If football is a contest of brute force and collisions, it is also about speed ... racing from sideline to sideline, chasing 4.4-second receivers, darting in to sack the quarterback.
In virtually all sports, there’s a need for speed, Speed, SEC-level SPEEEED. Chasing the ball in soccer. Around the ring in discus throw. Covering the court in tennis. The revolution in quarterbacking.
And the quest for more speed within the Illini defense has been the primary focus of spring drills. Wes Lunt can’t complete enough passes to uplift a losing program if the defense again permits 35 points and 481 yards per game.
Every move this spring has revealed an attempt to upgrade speed by Tim Beckman and coordinator Tim Banks. This won’t be Michigan State, but it’ll be better than 2013. Beckman moved 207-pound senior Earnest Thomas, the team’s No. 2 tackler, from safety to STAR (combo LB-safety). Junior linebacker Mike Svetina lacked mobility at STAR last season and moved back inside. The emergence of sophomore D.J. Smoot has given the LEO position an extra burst (Smoot once competed at nationals in the 400 hurdles).
Al Seamonson, a Wisconsin grad who spent 2001-10 coaching linebackers at Maryland, handles the two hybrid positions, LEO and STAR. He spoke Wednesday:
“I think we probably lacked some speed as a team last year. I can tell, after being here a year, that we look faster as a defense. We have more athleticism on the field.

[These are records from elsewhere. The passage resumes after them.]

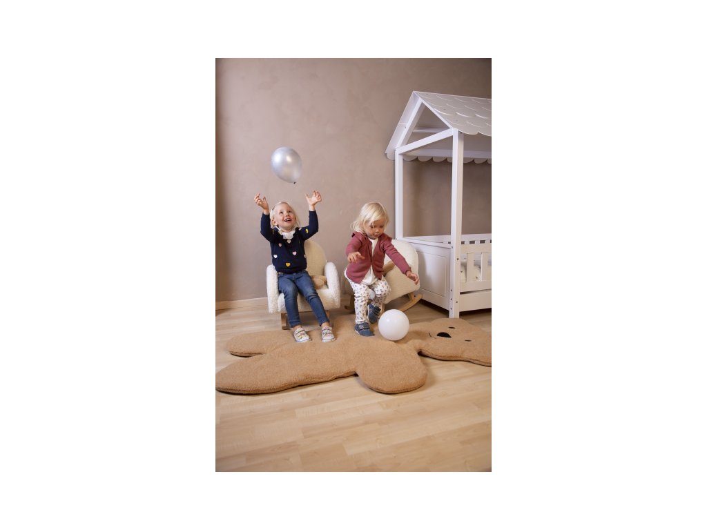 A puha játszószőnyeg egy hatalmas plüssmackó formájában kellemesebbé teszi a gyermek játékát a földön, és egyben gyönyörű dekorációként is szolgál a gyerekszobában.
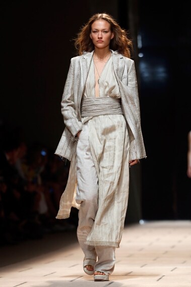 La donna di Trussardi è una viaggiatrice, vestita con volumi ampi e morbidi e tessuti che richiamo il mondo della natura. I colori protagonisti sono il sabbia, prevalente nella collezione primaverile, ma anche il marrone, l'arancione, il verde kaki e l'intramontabile bianco e nero. Le gonne sfiorano la caviglia così come i maxi dress, i tagli sono spesso asimmetrici, con spacchi e scollature.
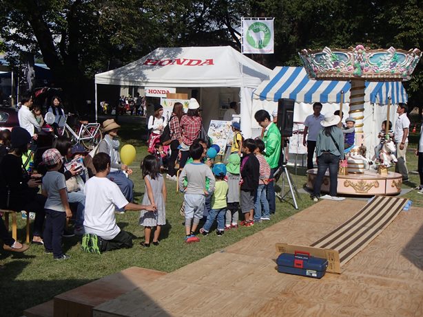 今年は、「もっと!エコする心 科学するコ・コ・ロ」のテーマのもと、HONDA様の協力でFCV(燃料電池自動車)とFCVで発電した電気で動くメリーゴーランドが登場!
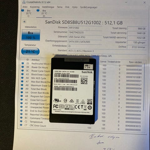 Samsung 850 PRO SSD med en lagringskapacitet på 512GB. Solid State Drive med SATA-gränssnitt som erbjuder snabb dataöverföring och pålitlig prestanda för lagring och åtkomst av filer.
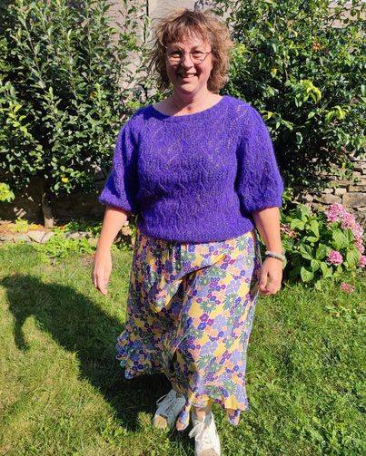 ? Voilà ma cousette des vacances : une jupe en viscose Flower Power de chez Singulière par Cousette pour aller avec mon pull Ilona en Phil
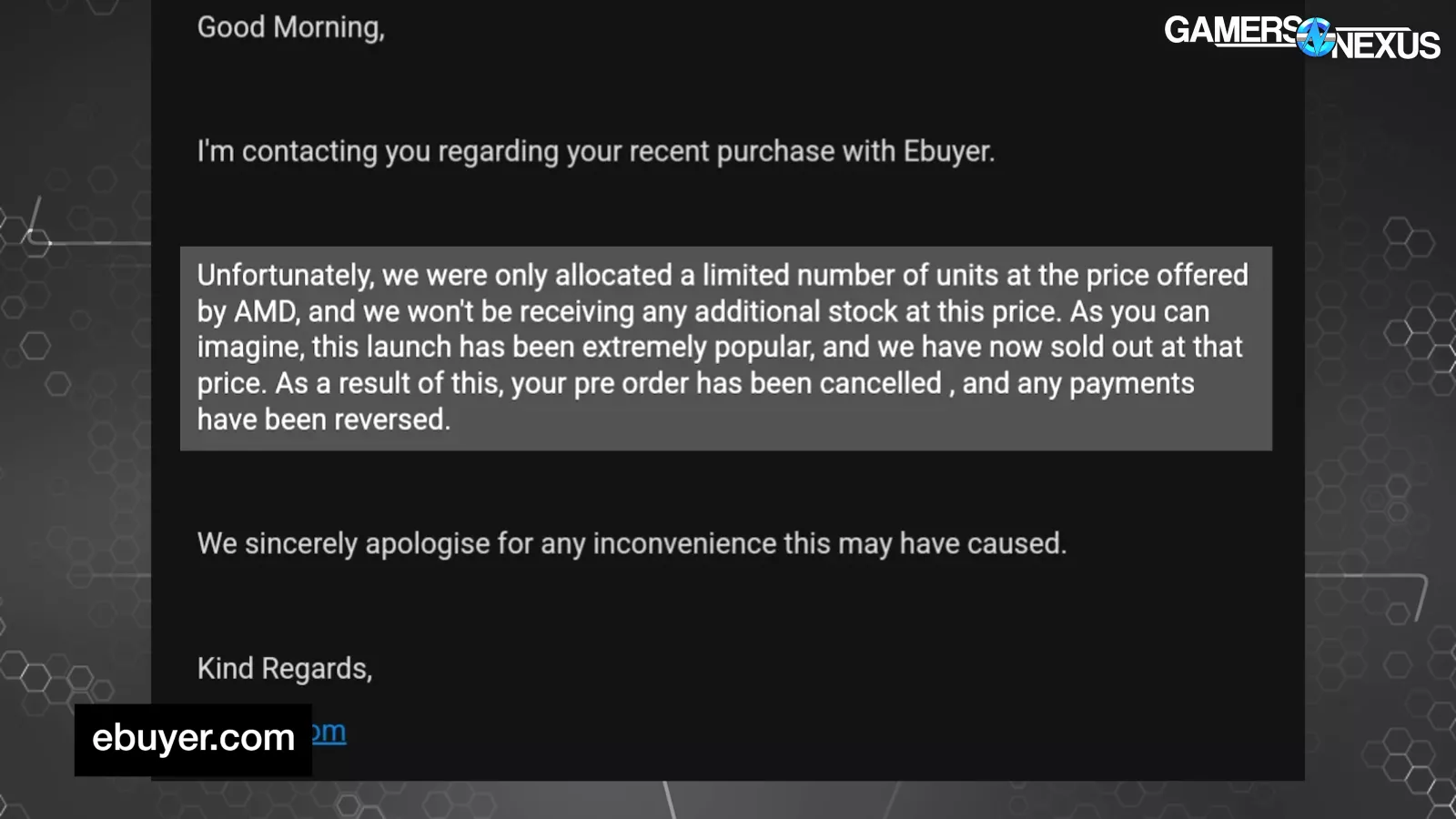 “Unfortunately, we were only allocated a limited number of units at the price offered by AMD, and we won't be receiving any additional stock at this price. As you can imagine, this launch has been extremely popular, and we have now sold out at that price. As a result of this, your pre order has been cancelled, and any payments have been reversed.”

“Part of that is getting some young guys in the mix and getting some position players in the right spots. I feel good about our progress.”
The departure of Houston Bates, who intends to enter the medical field, forced Seamonson to start fresh at LEO, which is a fourth defensive lineman who may also drop into coverage.
“Not that Bates couldn’t run a little bit,” Seamonson said, “but Smoot runs really good, and (senior) D.J. Woods is fast on a straight line. And Earnest Thomas should have been playing STAR the whole time. He has taken to it very well. It fits his athletic ability and his background to a ‘T.’
“Smoot has been in the strength program less than a year, and he is a rare kid in that he’s already gained 30 pounds to the 265 range, so he has pretty good strength and a lot of natural girth and body strength to go with that speed. I’m excited about his progress. Smoot and D.J. Woods played some last year behind Bates.”
It is not blind optimism to say Seamonson has a quality veteran at STAR and a budding NFL prospect at LEO ... two of the most likely standouts in the entire defense.
Thomas, a fifth-year senior from Orchard Lake, Mich., had 101 tackles as a safety last season, 18 fewer than departed Jonathan Brown and four more than returning junior Mason Monheim. Thomas is similarly optimistic.
“The defense this year is moving around a lot faster,” he said. “Guys seem more comfortable, especially the freshmen who played last year and got into the fire.
“Our goal is to get the best 11 on the field. That’s why I’m at STAR right now. It’s one of the most important positions where you get to make a lot of plays. It gets me more in the mix. I played it earlier in my career, so it’s really not new to me.
“I still want to stay light at 207 because I have a lot of coverage responsibilities and a lot of man-to-man in the slot.
“Smoot has a lot of raw talent at the LEO. With him, it’s all about the mental side. The sky is the limit as far as him making plays.
“Looking at the defense overall, I think Caleb Day (sophomore from Hilliard, Ohio) has been doing the best job at corner, compared to last year. And Paul James had a good day at LEO today. James and Smoot are real versatile. As long as they lock in on their assignments, guys like Smoot, James and Day can make plays.”
Quickness on edges
Beckman supported the Thomas comments. Said the head coach Wednesday:
“We have more speed to contain the edges. At corner, Caleb Day is leading the (secondary) room in interceptions and has been as good as any this spring. He’ll definitely contend to start. He is bigger (6-1, 195) than some. He ran with the ones today.
“At safety, we’ve moved Zane Petty to the field side and Taylor Barton into the boundary. If we were going to make another move, it be would be Eaton Spence from corner to inside. He has the experience to play either.”